- Directed by: Peter Mettler
- Written by: Peter Mettler
- Produced by: Ron Repke Peter Mettler Alfred Mettler
- Starring: Greg Krantz Natalie Olanick Sandy MacFadyen Anthony Downes
- Cinematography: Peter Mettler
- Edited by: Peter Mettler
- Music by: Peter Mettler
- Production company: Collaborative Effort
- Release date: September 13, 1982 (TIFF);
- Running time: 87 minutes
- Country: Canada
- Language: English

= Scissere =

Scissere is a Canadian avant-garde drama film, written and directed by Peter Mettler and released in 1982. Made for a budget of just $20,000 as Mettler's student project for Ryerson University's film school, the film stars Greg Krantz as Bruno Scissere, a man who has just been released from a heroin rehabilitation clinic, who imagines himself inside the realities of three random people that he observes in a public transit station: a young mother (Natalie Olanick), an unrehabilitated drug addict (Sandy MacFadyen) and an entomologist (Anthony Downes).

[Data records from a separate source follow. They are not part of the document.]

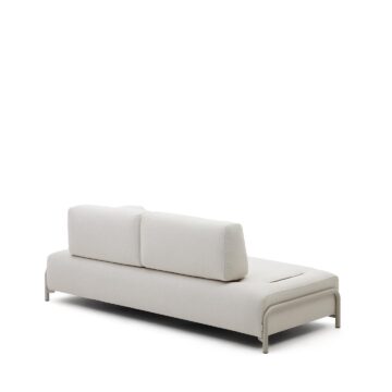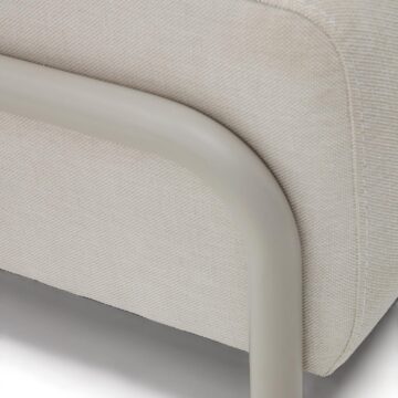 Trosjed Cambo u bež boji – 232 cm izrađen je s baršunastom (chenille) navlakom u bež tonu i stabilnom metalnom konstrukcijom u istoj barvi, što mu daje elegantan i udoban izgled. Pruža ugodno sjedenje koje poziva na opuštanje, dok prostrani jastuci i kvalitetno punjenje osiguravaju dugotrajnu udobnost.
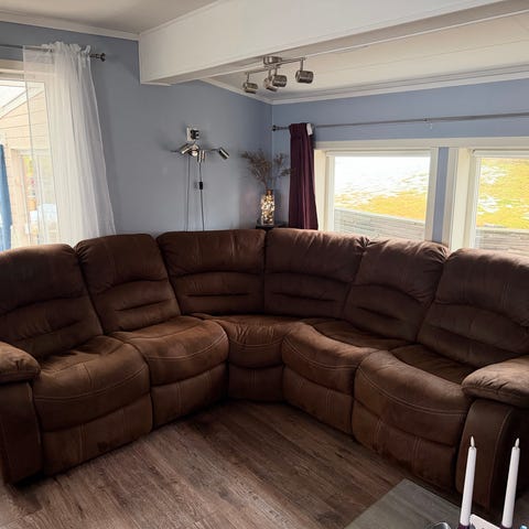Grei sofa selges. Modulsofa. Trenger muligens en liten vask.
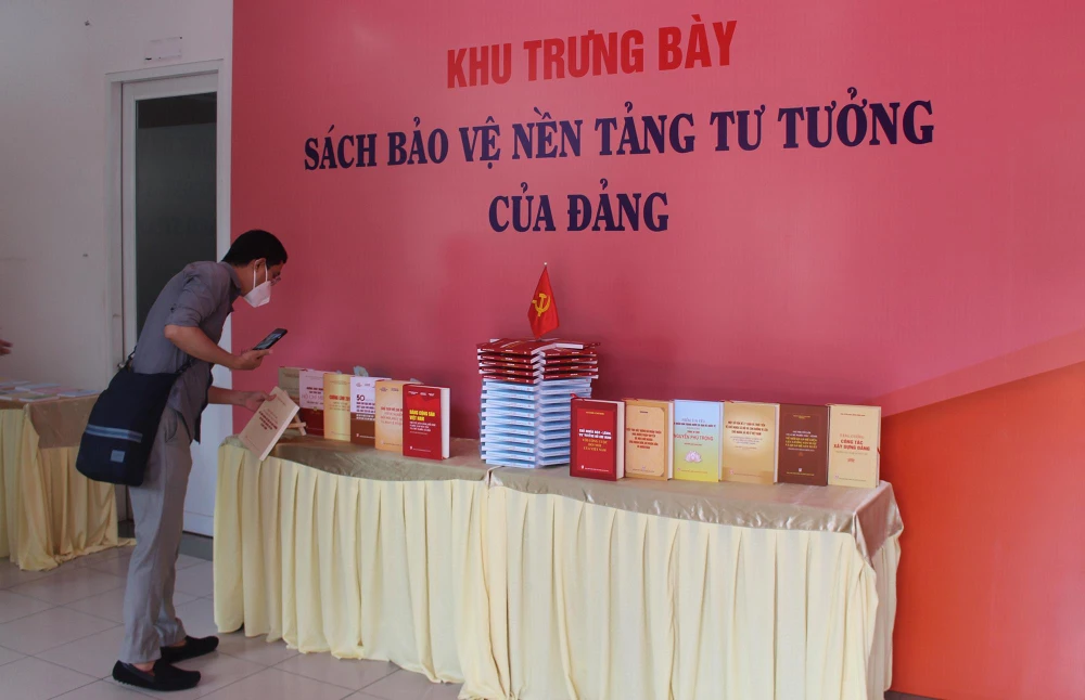 Các sách về bảo vệ nền tảng tư tưởng Đảng trưng bày tại hội nghị. Ảnh: NGUYỄN YÊN |
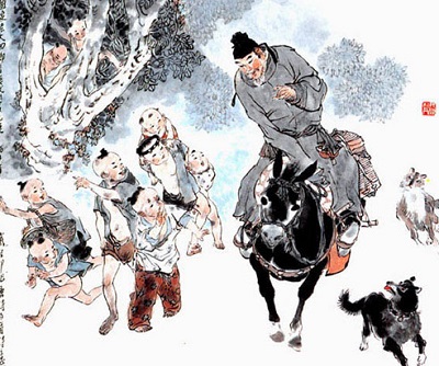 【图语:《回乡偶遇》,体裁为七言绝句,唐代诗人贺知章所作】
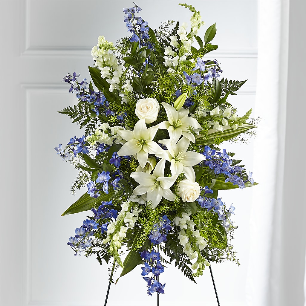 A collection of bold blue flowers shares a tribute that words cannot express. Designed with lilies, roses, delphinium and snapdragons our Faithful Friend Standing Spray is a grand gesture to express kindness and solace to a loved one.
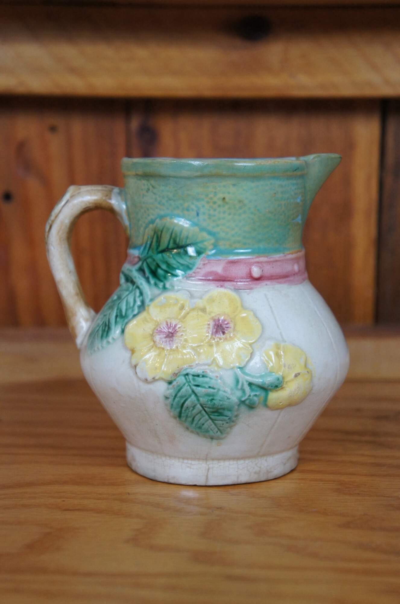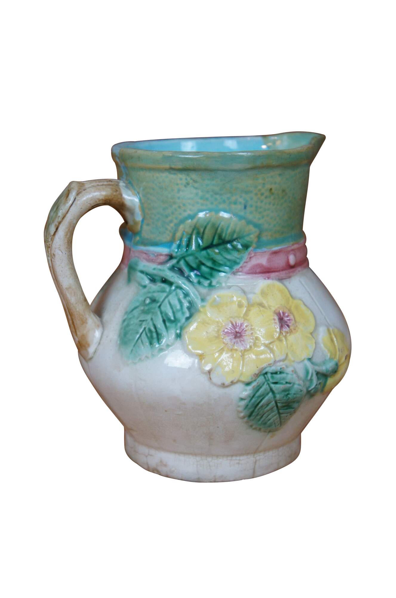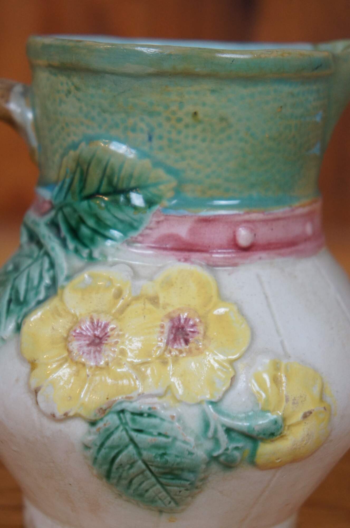 Antique Majolica creamer pitcher or milk jug featuring a multicolor basketweave pattern with pink and yellow flowers and rustic twig / branch handle.
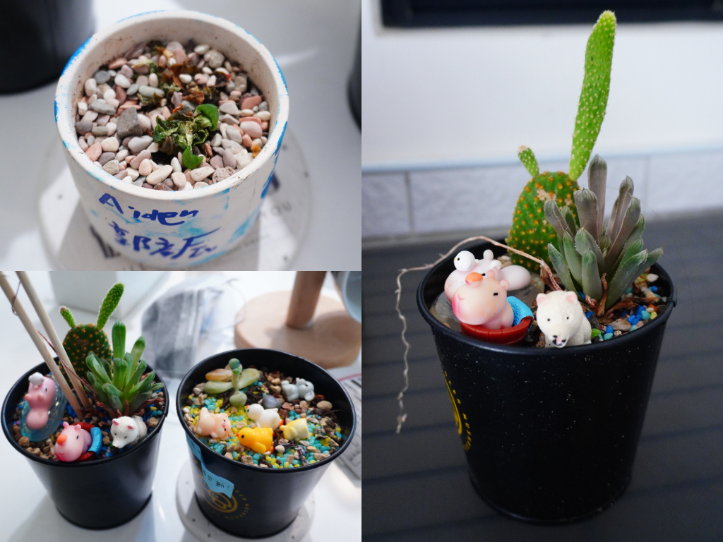 岑與彥戶外教學獲得兩個多肉盆栽,回家岑姊的就打翻,直接宣告不種了...![]()

The cast also includes Christie MacFadyen and Evan Siegel in smaller roles.

==Production==
The film was produced by Collaborative Effort, an ad hoc film cooperative led by Mettler's Ryerson classmate Ron Repke.

==Release==
The film premiered at the 1982 Toronto International Film Festival. It was subsequently screened at the Canadian Student Film Festival, where Mettler won the Norman McLaren Award for best film, as well as the awards for best soundtrack and best photography.

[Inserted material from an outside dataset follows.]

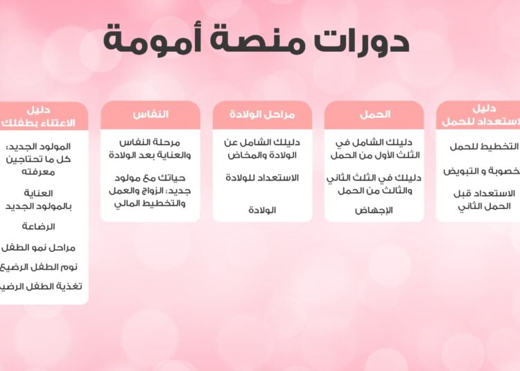 يمكن التسجيل في منصة “أمومة” اليوم من خلال https://omooma.com/ والتسجيل المجاني على الدورات المختلفة لدى المنصة.

Although the film saw only limited commercial release following its initial film festival run, it has received periodic revival screenings, including at the Bloor Cinema in 1987, and in Mettler retrospectives at the Canadian Film Institute in 1997, and at the TIFF Lightbox in 2025.

==Critical response==
Adele Freedman of The Globe and Mail wrote that "Scissere is experimental but it is not obscure. Mettler keeps a tight rein on his levels, giving the audience the choice of hanging on or walking out, which many did. Even the act of making an exit is in tune with the message of the film."

For Cinema Canada, Laurinda Hartt wrote that "the film is never silent. Under all the changing sounds of everyday life there is a constant rushing or roaring in our ears, like the aural equivalent of a continual life force, the quality of the roar changing with each change in environment. As the rhythmic human music had given way to the soft cry-ridden roar of the hospital, so does the hospital sound give way to the louder more insistent sound of the city: a nerve-jarring multi-engined roar that changes in intensity but never ceases."

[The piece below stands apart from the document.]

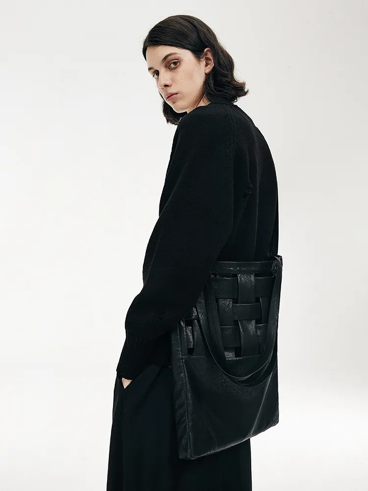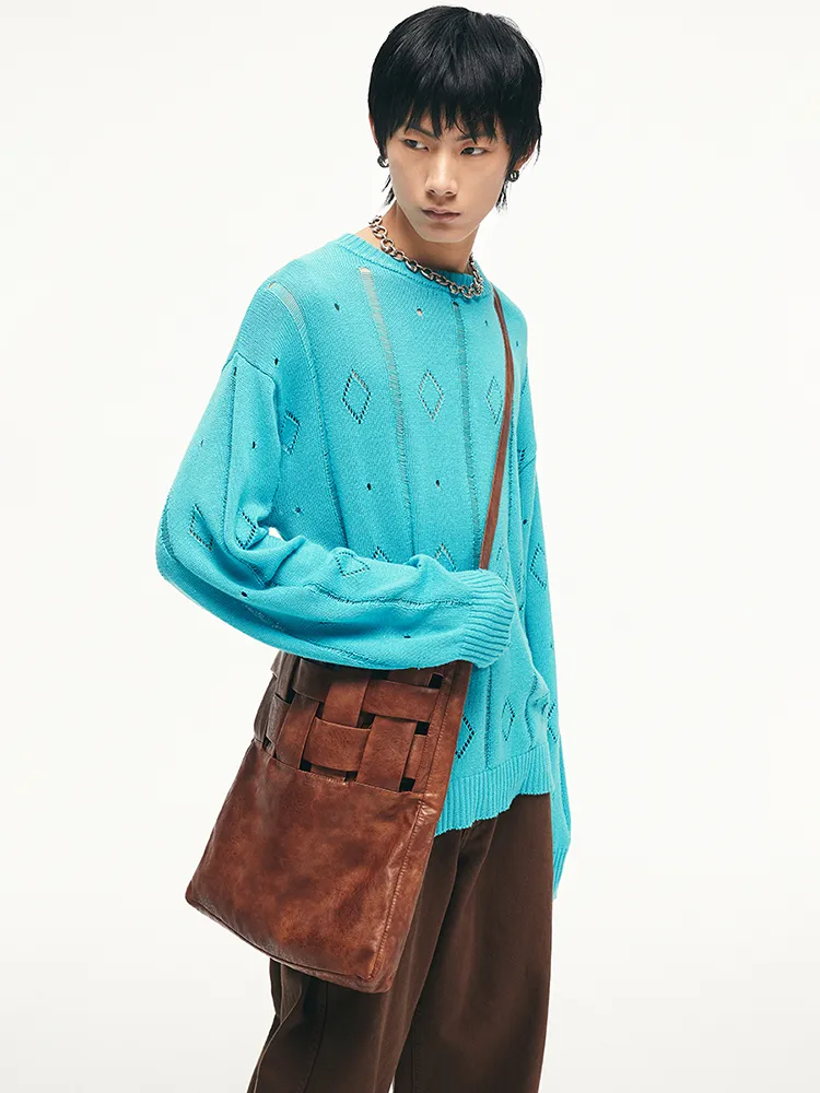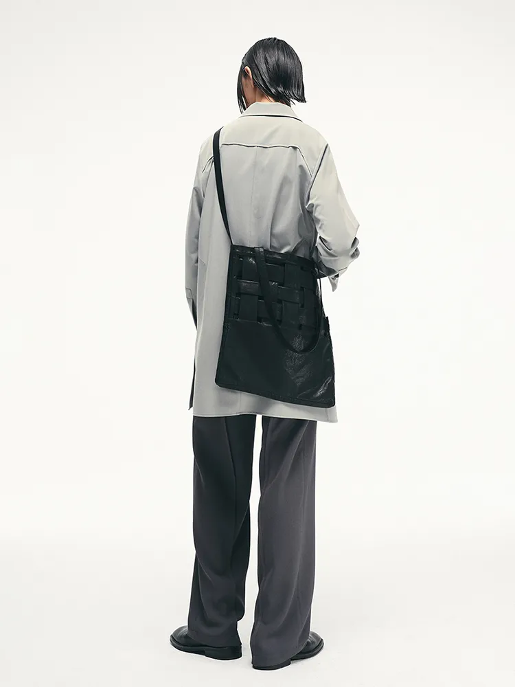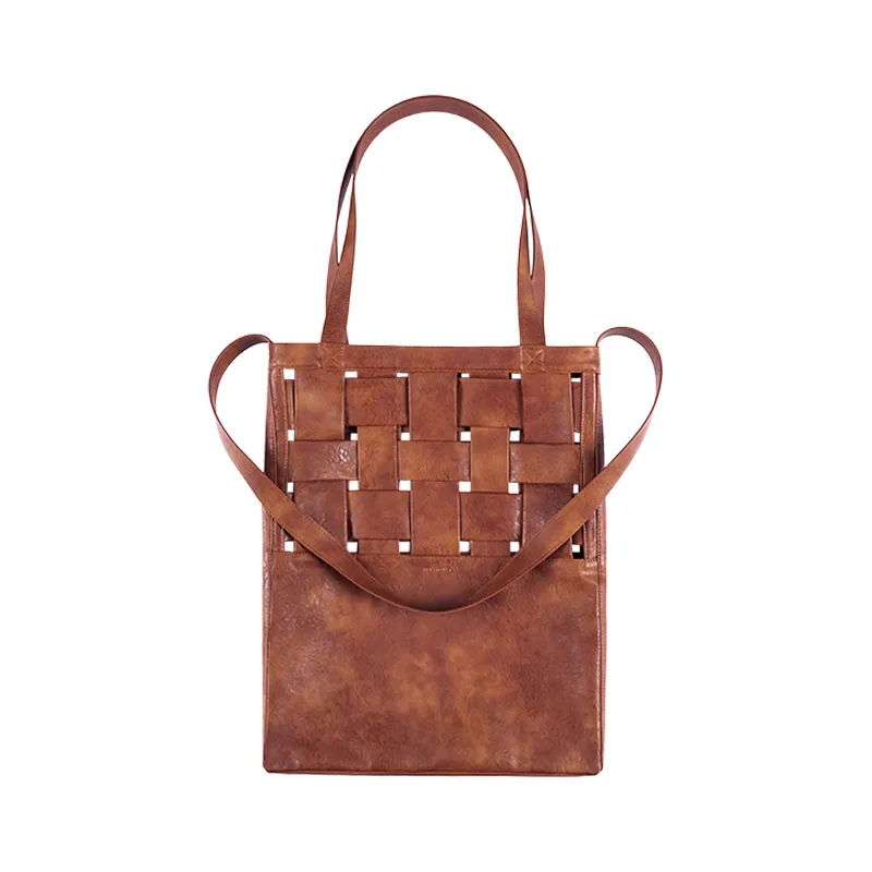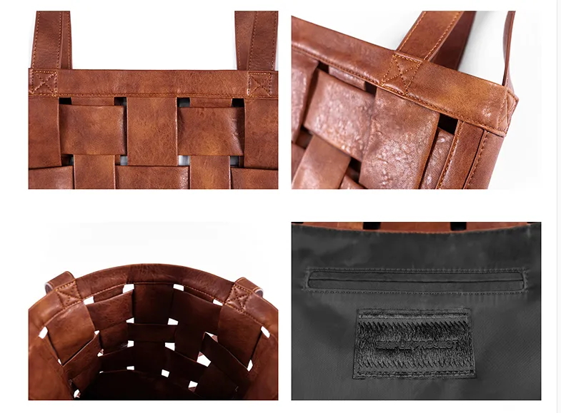 Faux Leather Woven Structure Crossbody Shoulder Bag

At the time of the film's 1987 screening at the Bloor Cinema, Geoff Pevere wrote that "as the film expertly weaves from the observation to the manipulation of reality, the audience is placed in the driver's seat of a mind incapable of navigating the slim passage between thought and sensation. Needless to say, it's a difficult work. But, if you allow its images and nocturnal associations to take the lead, it can be a profoundly moving one."